DR. WELL: Dynamic Reasoning and Learning with Symbolic World Model for Embodied LLM-Based Multi-Agent Collaboration

TL;DR

DR. WELL introduces a decentralized neurosymbolic framework for multi-agent collaboration that uses symbolic planning and a shared dynamic world model to improve coordination, adaptability, and efficiency in complex tasks.

Contribution

It presents a novel two-phase negotiation protocol and a shared symbolic world model enabling flexible, interpretable multi-agent planning without detailed trajectory sharing.

Findings

Improved task completion rates in cooperative block-push tasks.

Enhanced efficiency through dynamic world model adaptation.

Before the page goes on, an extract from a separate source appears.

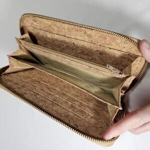Cork lightly used. You can feel  indents when you hold it. See all photos. So many good compartments inside and credit card slots.

Agents learn reusable, higher-level plans over episodes.

Abstract

Cooperative multi-agent planning requires agents to make joint decisions with partial information and limited communication. Coordination at the trajectory level often fails, as small deviations in timing or movement cascade into conflicts. Symbolic planning mitigates this challenge by raising the level of abstraction and providing a minimal vocabulary of actions that enable synchronization and collective progress. We present DR. WELL, a decentralized neurosymbolic framework for cooperative multi-agent planning. Cooperation unfolds through a two-phase negotiation protocol: agents first propose candidate roles with reasoning and then commit to a joint allocation under consensus and environment constraints. After commitment, each agent independently generates and executes a symbolic plan for its role without revealing detailed trajectories. Plans are grounded in execution outcomes via a shared world model that encodes the current state and is updated as agents act. By reasoning over symbolic plans rather than raw trajectories, DR. WELL avoids brittle step-level alignment and enables higher-level operations that are reusable, synchronizable, and interpretable. Experiments on cooperative block-push tasks show that agents adapt across episodes, with the dynamic world model capturing reusable patterns and improving task completion rates and efficiency. Experiments on cooperative block-push tasks show that our dynamic world model improves task completion and efficiency through negotiation and self-refinement, trading a time overhead for evolving, more efficient collaboration strategies.